If the wildcard tried consuming a character first,
a pattern like *x against "x" would fail:
the wildcard would consume x,
leaving nothing for the literal x to match.
Trying zero first means a wildcard only uses up characters
when the rest of the pattern cannot match without them.
Why does parse_chars prepend to acc and call list.reverse at the end rather than appending each element?
Gleam lists are singly-linked, so prepending ([elem, ..acc]) is O(1):
it just creates a new node pointing at the existing list.
Appending to the end, by contrast, requires walking the whole list to find the last node,
making each append O(n) and the full parse O(n²).
Building the list in reverse with prepend and reversing once at the end keeps the total work O(n).
Exercises
Parse integration (15 minutes)
Wire parse_pattern to filter_files
so the function accepts a String pattern rather than a List(Elem).

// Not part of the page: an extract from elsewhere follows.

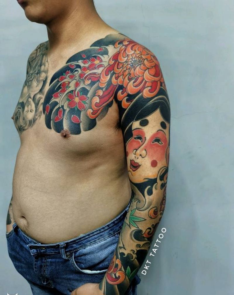 当前位置: 首页 >吉林省长春市纹身店-彫客堂刺青纹身图案>老传统花臂能面菊花纹身图片_手臂老传统纹身图案

Write gleeunit tests for filter_files that cover:
- an empty file list
- a pattern that matches no files
- a pattern that matches all files
- a mixed result
Character sets (20 minutes)
Add a CharSet(List(String)) variant to Elem.
A CharSet matches any single character that appears in its list,
so CharSet(["a", "e", "i", "o", "u"]) matches any vowel.

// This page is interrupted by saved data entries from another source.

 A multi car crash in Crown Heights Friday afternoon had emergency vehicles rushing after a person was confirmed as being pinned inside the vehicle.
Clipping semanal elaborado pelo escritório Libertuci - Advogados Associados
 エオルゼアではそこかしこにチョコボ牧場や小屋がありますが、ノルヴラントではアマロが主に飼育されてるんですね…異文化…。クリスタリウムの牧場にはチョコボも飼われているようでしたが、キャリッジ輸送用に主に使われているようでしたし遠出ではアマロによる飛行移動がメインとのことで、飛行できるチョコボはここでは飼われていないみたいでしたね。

Update match_pattern_chars to handle the new variant.
Write at least four tests.
Negated character sets (15 minutes)
Add NegCharSet(List(String)) that matches any character not in the list.

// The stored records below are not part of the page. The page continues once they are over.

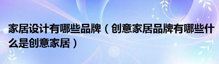 家居设计有哪些品牌(创意家居品牌有哪些什么是创意家居)
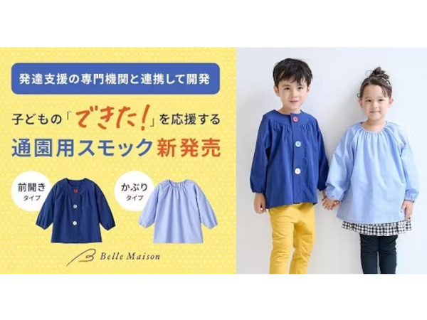 千趣会、「ベルメゾン」で一人で着脱しやすくボタン留めの練習に役立つ「タイプが選べる通園用スモック」を販売
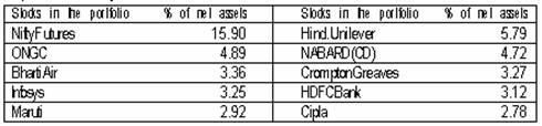 The fund has deployed over 77% of its net assets in large cap stocks while 23% is invested in the mid cap pack. The portfolio also reveals a reasonable exposure in Nifty Futures.

Update the matcher and write tests confirming that
it does not match characters in the list
but does match characters outside it.
Anchor to start and end (10 minutes)
Shell globs implicitly match anywhere unless anchored.
Add Start and End variants that require the match to begin at the first character
and end at the last character respectively.
Update match_pattern (not just match_pattern_chars) to interpret them.